In fact, I think that may be a rule that generalizes pretty
well. It ties in nicely with my previous post about Who You Believe.
*You know how I feel about systems.
There Is No System (2006)
Systemic
There Is No System (2019)
3 comments:
Maybe it does tie in with teacher attitudes. Madison wound up on the bottom of the "Achievement Gap" list--worse than last year--largely because of a decline in "minority" scores. I've met plenty of teachers in the area--you can't tell me they bear animus against black students and expect me not to laugh.
But--maybe, just maybe, students of different ethnicities come from different cultures. And for someone from within some of those cultures, especially when they have a lot of father-less kids, you need more rules and consequences, not fewer. If so, then cutting slack makes things worse.
You can always make things worse.
In the battles over disproportionate school discipline, those who maintain that there must be something wrong with the attitudes of the teachers, or with the rules, or with “the whole system*,”
I would be extremely surprised to find anyone with such opinions who had actually taught in a primary or secondary classroom. I was going to add qualifiers such as "public school" or "inner city" or "substantially minority," but concluded those were not necessary.
I found an exception. Valeria Silva received a golden parachute of some $700,000 when the St. Paul (MN) school board fired her from Superintendent job after implementation of her "inclusive discipline" program for the collapse in school discipline. She had some two decades experience as a teacher or administrator in the St. Paul school system.Her focus was ESL. She won accolades for her putting ESL students into regular classrooms. Texas could have told her that worked much better than an ESL ghetto. In Texas, ESL students are generally in separate classrooms for only a year or two. My brother-in-law came to the US from Germany at age 12 without knowing any English. After arriving in the US in June, he started school in September. Total immersion.
So yes, there was plenty of previous evidence that getting ESL students out of the ESL ghetto would work.
However, Silva believed that classroom inclusion would also work for Special Ed students. Not surprisingly, that didn't work so well. The main difference between ESL students and other students is not behavior or intelligence, but language skills. Once they learn English, the difference disappears. One cannot say that there is a such a small difference between Special Ed students and regular students. Behavior and intelligence differences are much bigger differences than language skills.
Not a surprise that her next move on discipline fell flat on its feet. I suspect that Silva spent most of her career with ESL students, and had little direct experience with black students born and raised in the USA.
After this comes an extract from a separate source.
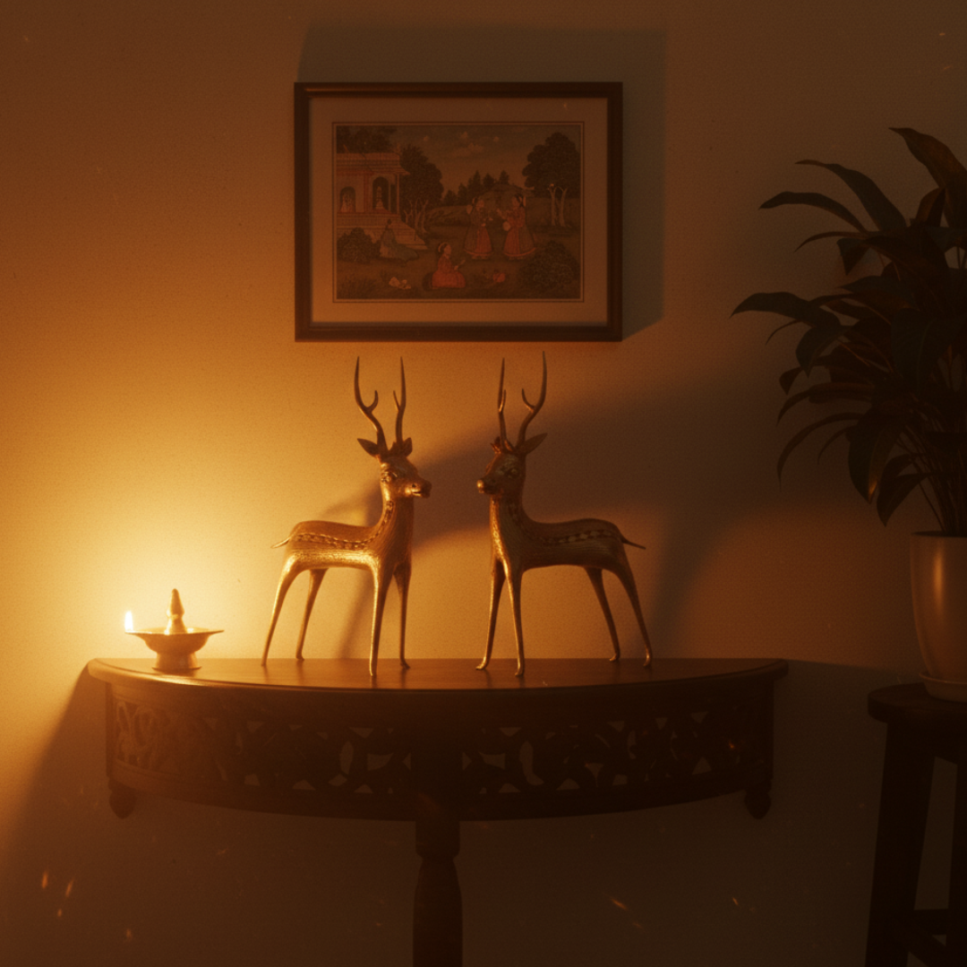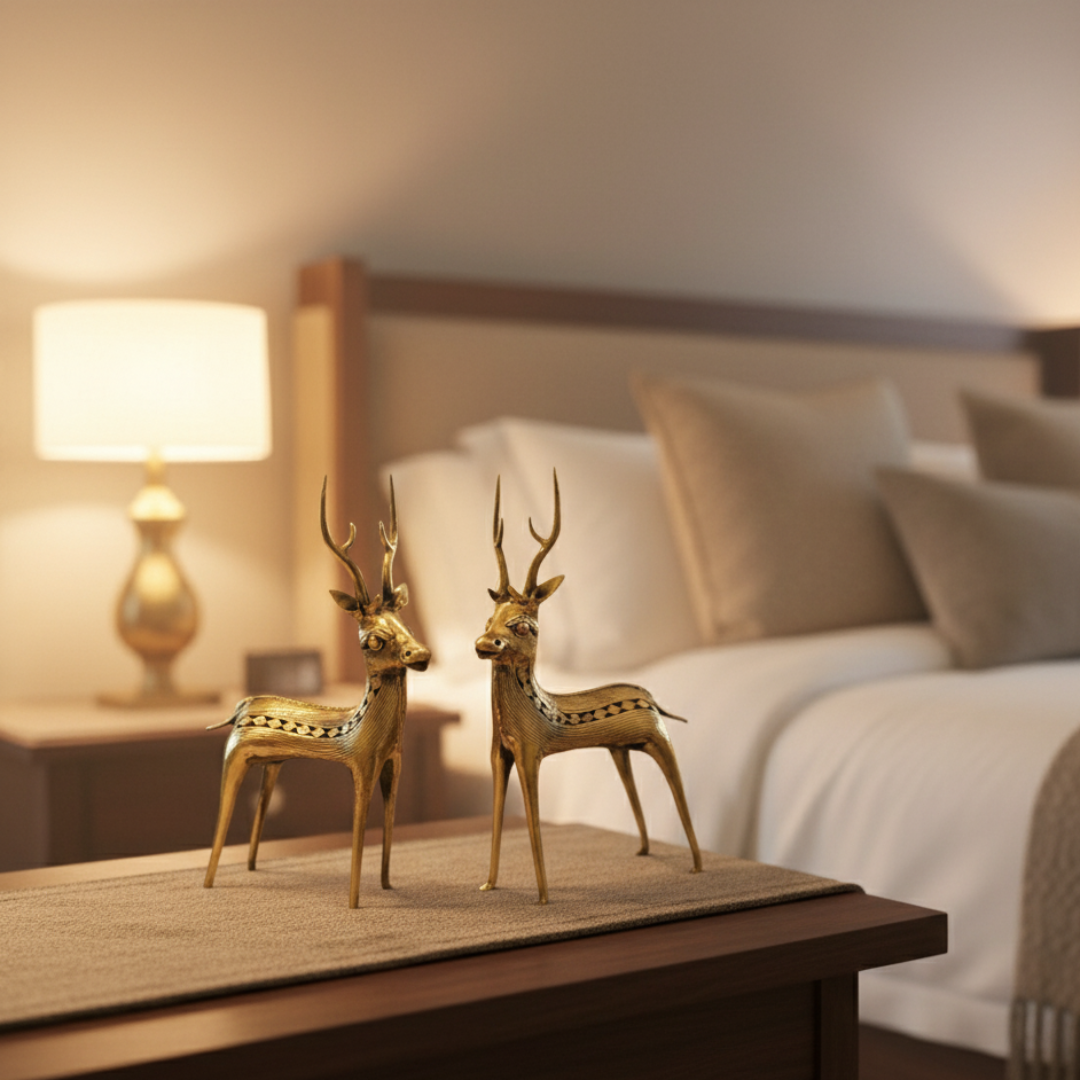 Beautiful and Unique Dhokra Art (Bastar Art) Standing Deer Pair Statues (showpieces) from realcrafts.in. These beauties are ideal for your home decoration/gifting purposes.

Our two from Romania arrived as late 6th and 8th-graders on May 25th. They had received some English instruction in Romania and had had contact with American mission teams at the orphanage the previous two years. I took five weeks off to home school them, though they went to a few events at the Christian school they were going to be entering. Then my wife, a school librarian, homeschooled them for the summer. They entered at grade level in the fall. The younger one had not been a good student in Romania, but they both survived even the first semester, and the older went on to get a degree in accounting.
We interviewed the public school about what they might offer and were not impressed, even though it is theoretically one of the best districts in NH, which scores extremely well as a state every year. Both eventually went to the public school for junior and senior year, when their English proficiency was not an issue.
I think your assessment of language versus processing difficulties is accurate. The former is an obstacle, the latter is a problem.